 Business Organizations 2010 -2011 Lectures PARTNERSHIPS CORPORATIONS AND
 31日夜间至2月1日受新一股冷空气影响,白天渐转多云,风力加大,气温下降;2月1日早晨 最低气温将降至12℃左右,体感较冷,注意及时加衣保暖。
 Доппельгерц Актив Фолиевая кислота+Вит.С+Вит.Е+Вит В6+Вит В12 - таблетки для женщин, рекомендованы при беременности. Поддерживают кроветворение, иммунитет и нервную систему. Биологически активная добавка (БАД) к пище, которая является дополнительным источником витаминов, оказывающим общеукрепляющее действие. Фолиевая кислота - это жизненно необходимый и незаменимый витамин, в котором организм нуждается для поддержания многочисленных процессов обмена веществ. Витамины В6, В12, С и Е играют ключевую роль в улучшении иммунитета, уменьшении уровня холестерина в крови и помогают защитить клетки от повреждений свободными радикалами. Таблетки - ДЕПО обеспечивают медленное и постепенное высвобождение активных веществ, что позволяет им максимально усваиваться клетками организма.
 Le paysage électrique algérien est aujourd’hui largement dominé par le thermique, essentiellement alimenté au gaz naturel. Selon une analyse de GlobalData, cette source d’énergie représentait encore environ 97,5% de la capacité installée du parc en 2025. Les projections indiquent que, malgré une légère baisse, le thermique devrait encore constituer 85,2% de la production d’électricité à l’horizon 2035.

::::

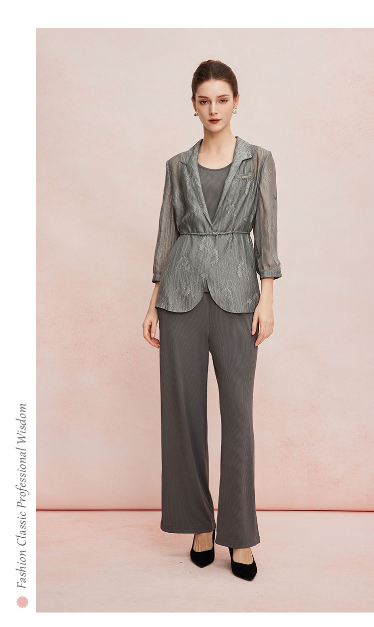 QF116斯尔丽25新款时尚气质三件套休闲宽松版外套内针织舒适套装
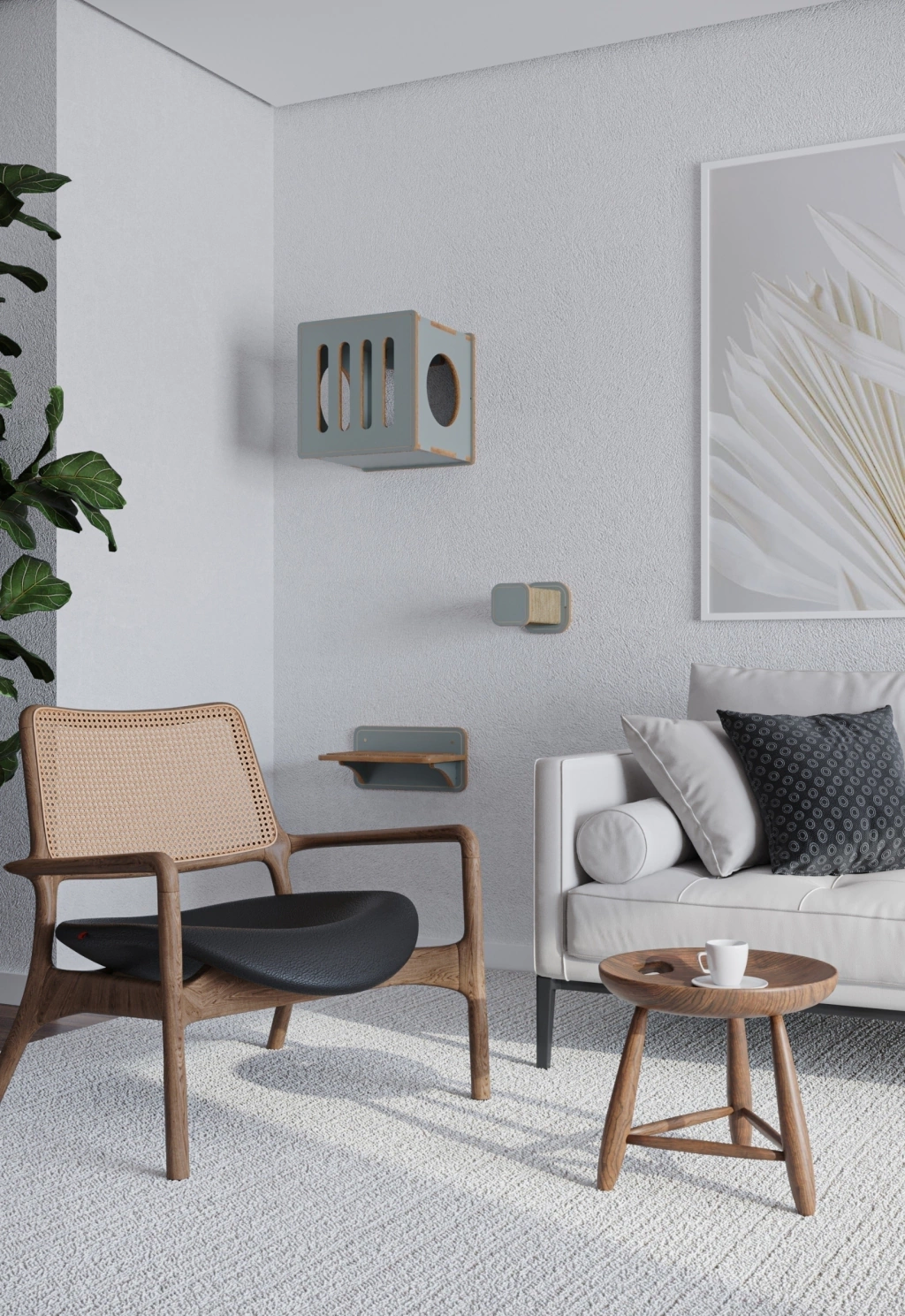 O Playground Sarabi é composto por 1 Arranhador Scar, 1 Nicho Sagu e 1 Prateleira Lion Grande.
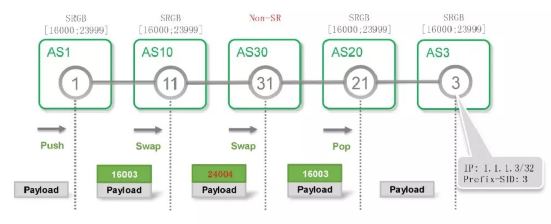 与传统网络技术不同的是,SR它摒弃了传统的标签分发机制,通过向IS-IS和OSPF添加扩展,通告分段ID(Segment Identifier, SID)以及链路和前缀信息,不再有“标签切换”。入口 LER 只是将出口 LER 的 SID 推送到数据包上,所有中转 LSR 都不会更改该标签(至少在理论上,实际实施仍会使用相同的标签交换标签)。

::::

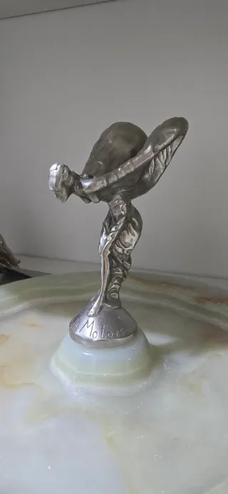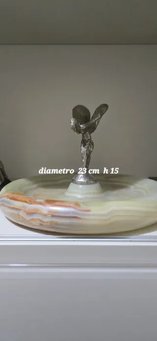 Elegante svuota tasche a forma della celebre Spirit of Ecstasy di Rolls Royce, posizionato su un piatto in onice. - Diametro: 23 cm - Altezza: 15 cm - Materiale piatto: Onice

::::

• [What the exercise asks] Go to the line above holding "QF116斯尔丽25新款时尚气质三件套休闲宽松版外套内针织舒适套装", then copy exactly each line down to and including the one holding "推送到数据包上,所有中转 LSR 都不会更改该标签(至少在理论上,实际实施仍会使用相同的标签交换标签)。", leaving pictures out.

• [Answer space]
 QF116斯尔丽25新款时尚气质三件套休闲宽松版外套内针织舒适套装
 O Playground Sarabi é composto por 1 Arranhador Scar, 1 Nicho Sagu e 1 Prateleira Lion Grande.
 与传统网络技术不同的是,SR它摒弃了传统的标签分发机制,通过向IS-IS和OSPF添加扩展,通告分段ID(Segment Identifier, SID)以及链路和前缀信息,不再有“标签切换”。入口 LER 只是将出口 LER 的 SID 推送到数据包上,所有中转 LSR 都不会更改该标签(至少在理论上,实际实施仍会使用相同的标签交换标签)。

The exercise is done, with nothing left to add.